Make Paying Off Debt Easy With 3 Simple Tips
In tough times, paying off debt in order to get control of your finances may seem nearly impossible. As hard as it may be, though, debt has the potential to spin you into a downward spiral from which your finances may never recover. Coming up with a viable strategy to get your debt paid off can mean the difference between financial security and living paycheck to paycheck for the rest of your life.
If you're like many people, though, you may have no idea how to figure out a realistic strategy for paying off debt. Fortunately, by following some simple guidelines, you can get yourself on the road to getting yourself out of your debt hole and putting yourself in a position where you're calling the shots with your money. Here are three tips to follow as you put together a game plan for your financial future.
1. Know your enemy.
If you've never realized why paying off debt is so important, just take a look at the companies that lent you the money in the first place. For Bank of America (NYSE: BAC) , Citigroup (NYSE: C) , and a host of other card-issuing banks, credit cards are a huge moneymaker. Card companies make money from all sides of a transaction, taking a cut from the merchants where you shop and collecting interest from you on your outstanding balances, often at outrageous interest rates. They make it easy to carry huge balances, offering minimum payments that keep up with finance charges but can leave you spending years or even decades before you get your debt paid off in full.
Payday loanscan be even more brutal. EZCORP (Nasdaq: EZPW) and other providers make money not just from interest but also from transaction fees, which can add up quickly when the term of each loan is only a few weeks.

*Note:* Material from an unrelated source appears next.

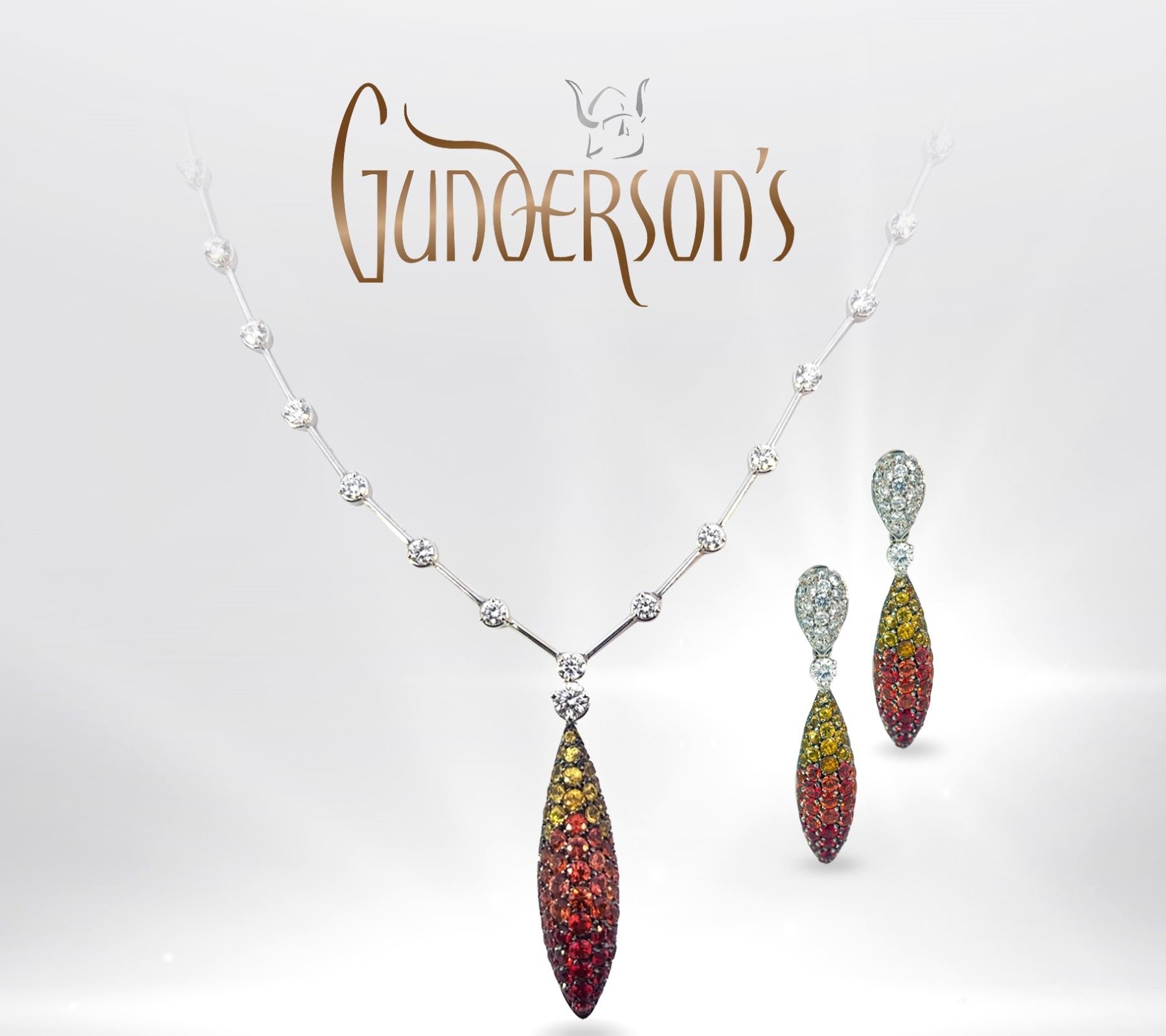 Ignite the night with this breathtaking necklace and earring set by Italian designer Picchiotti, a dazzling donation from Gunderson's Jewelers. The necklace features 26 brilliant diamonds, leading to a captivating teardrop pendant that radiates in a sunset spectrum of yellow, orange and red sapphires. Coordinating drop earrings mirror the design with diamond encrusted teardrops, delicate diamond accents and vibrant sapphire drops that echo the necklace's fiery charm. This set is a stunning celebration of color, craftsmanship and elegance designed to turn heads and capture hearts. DSC FOUNDATION THANKS GUNDERSON'S JEWELERS FOR THIS 100% DONATION. Breanne Demers, breanne.demers@gundersons.com, 712-255-7229.

One smart way to manage debt is to play lenders against each other. With credit cards, you can often get balance-transfer offers that give you low interest rates for an introductory period. Use those offers to your advantage, and you can shave hundreds of dollars off your monthly payments. Then, when they expire, try to get another offer before higher rates kick in.
2. Put your money where it'll do the most good.

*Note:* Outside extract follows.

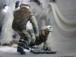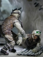 Inspiriert durch ein Gemälde im Internet ("Wampa Attack!" von Hugh Fleming ) habe ich schon vor einiger Zeit begonnen, ein kleines Diorama zu den "cut scenes" aus der Star Wars - Episode "Das Imperium schlägt zurück" zu bauen. Eine Kampfszene zwischen den auf Hoth stationierten Rebellen und einigen, in den Stützpunkt eindringenden Wampas fiel ja damals Mr. Lucas` Schneidetisch zum Opfer. Gott sei Dank haben einige websites Fotos und Beschreibungen dazu für die Nachwelt bewahrt. |

Debt management is like hospital triage. You have limited money, so you have to use it where it's most needed. If you focus on paying off debt from the lenders that charge you the highest interest rates, you'll get yourself out of the downward spiral a lot faster. Even if you only have an extra $100 per month, paying down a credit card charging 25% instead of a student loan charging 5% can save you roughly $120 in interest charges over the course of a year.

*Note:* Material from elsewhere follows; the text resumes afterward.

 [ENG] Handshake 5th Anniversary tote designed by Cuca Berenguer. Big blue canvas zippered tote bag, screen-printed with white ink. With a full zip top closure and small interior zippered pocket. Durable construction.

3. Trick yourself into avoiding new debt.
As hard as it is to get rid of your existing debt, it can be even harder sometimes not to rack that debt back up again after you've successfully paid some of it off. To help, you may want to consider some alternatives that will keep you on the straight and narrow.
Prepaid debit cardscan be fraught with extra fees and other costs, but the one thing they won't let you do is carry a balance. With reputable institutions including JPMorgan Chase (NYSE: JPM) and American Express (NYSE: AXP) offering prepaid cards, increasing competition should help pull fees back into line over the long run. If you have trouble resisting the temptation to spend money you don't have, a prepaid card can help you by setting a limit you can't break.
Whether you're making your first attempt at paying off debt or have tried unsuccessfully in the past, these simple tips should give you a decent starting point from which to mount an offensive. It's never a cakewalk, but getting rid of your debt is the first step toward creating a promising financial future for yourself.